El pecho derecho de Lumian brilló débilmente. Su Cuerpo Espiritual tembló mientras un rayo amarillento salía disparado de su boca.

Al instante golpeó a Guillaume Bénet, vestido con camisa oscura y pantalones negros, haciéndolo desplomarse confuso y conmocionado.

¡Hechizo de Harrumph!

¡Es falso! Lumian entrecerró los ojos al evaluar la situación. No le sorprendió demasiado el resultado.

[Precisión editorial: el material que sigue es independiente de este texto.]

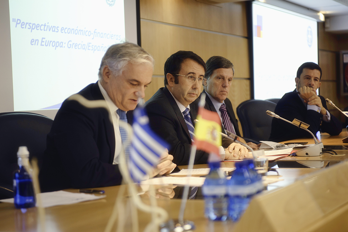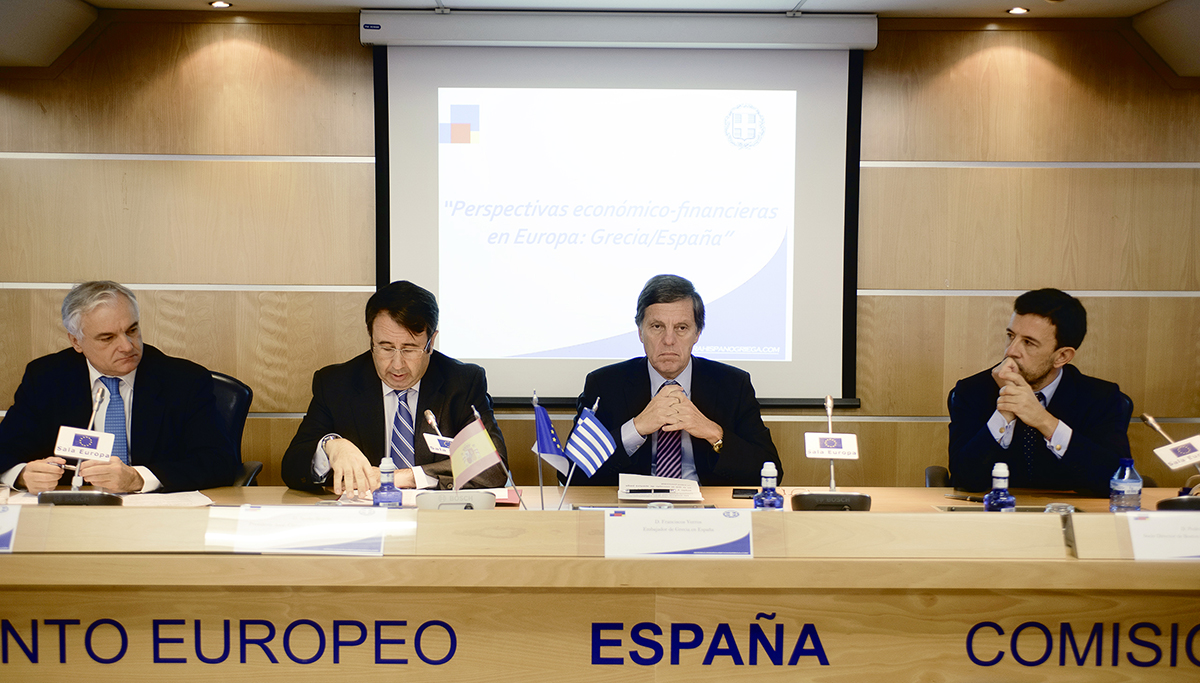 Durante una jornada celebrada en el anfiteátro de la Representación del la Comisión Europea en España, el martes 2 de diciembre, se presentaron las perspectivas económico-financieras en Europa con enfoque en Grecia y España. El acto organizó la Cámara de Comercio Hispanogriega en colaboración con la Embajada de Grecia en España.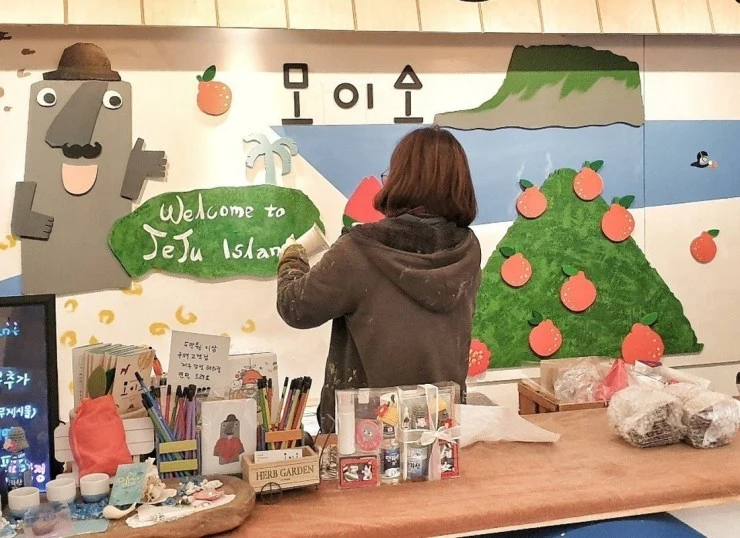 제주공항 8분 거리에 있는 소품샵 제주 모이소는 다양한 분야의 예술작가들이 만든 핸드 메이드 소품을 판매하는 곳이다. 카페와 공방도 함께 운영하고 있으며, 제주 특산물로 만든 디저트도 먹어볼 수 있고, 원데이 클래스도 즐길 수 있다.

Era evidente que no se trataba del verdadero Guillaume Bénet, un Apropiador del Destino de la Secuencia 5. La forma en que el hombre reaccionó al ataque, unida a su falta de familiaridad con los poderes y el misticismo de los Beyonder, hizo creer a Lumian que el sustituto era una persona corriente metida en un mundo desconocido.

Haciendo caso omiso del desconcertado mayordomo, Lumian giró rápidamente sobre sus talones y salió corriendo de la compacta sala de estar.

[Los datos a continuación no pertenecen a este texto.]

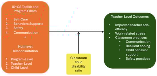 - Adoption: Does the child disability ratio in classrooms moderate the effectiveness of the intervention on teacher outcomes for centers receiving JS+CS compared to active controls (see Figure 1)?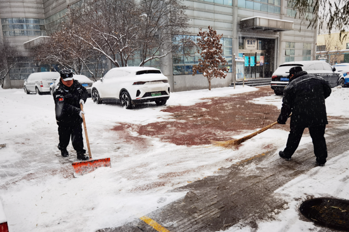 大雪壓城,華騰拓展公司迅速響應(yīng),每天派出50余名職工進行掃雪鏟冰行動。為了確保在寫字樓中辦公的客戶出行和業(yè)務(wù)不受影響,華騰拓展職工冒雪開展掃雪鏟冰工作,并對主要路段使用融雪劑進行融雪作業(yè),防止結(jié)冰打滑產(chǎn)生安全事故。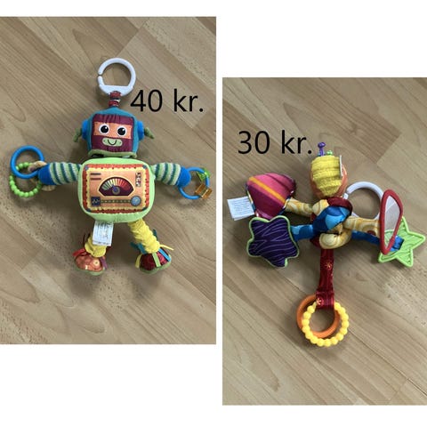 Lamaze - stjerne med spejl og stjerne med smiley, skaktern og stjerner på bagsiden - kan hænge og velcro, så de kan klistres sammen - tryk på smiley så dytter den - 50 kr.

Mientras corría, susurró: “¡A Eneldo!”

Franca, envuelta en su túnica negra con capucha y armadura de cuero, se materializó frente a Lumian.

Lumian la agarró del hombro, dejando que la marca negra de su hombro derecho parpadeara con una luz oscura.

En medio de la vorágine de tonos vibrantes, el dúo se encontró en el balcón del sexto piso de Eneldo.

Habiendo enviado previamente a Jenna a informar a Albus, Lumian ya había memorizado las coordenadas.

Al ver llegar a sus compañeros, Jenna, vestida de mercenaria, salió de entre las sombras. Señaló la Habitación 602 y bajó la voz.

“Aún no ha terminado.

“¡Maldita sea, está alargando esto!”

“¿La segunda ronda, quizás?” Lumian rió entre dientes.

Según Albus, el ocupante de la Habitación 602 ya había descargado su carga una vez antes de tomar el té de la tarde. Ahora, había comenzado de nuevo.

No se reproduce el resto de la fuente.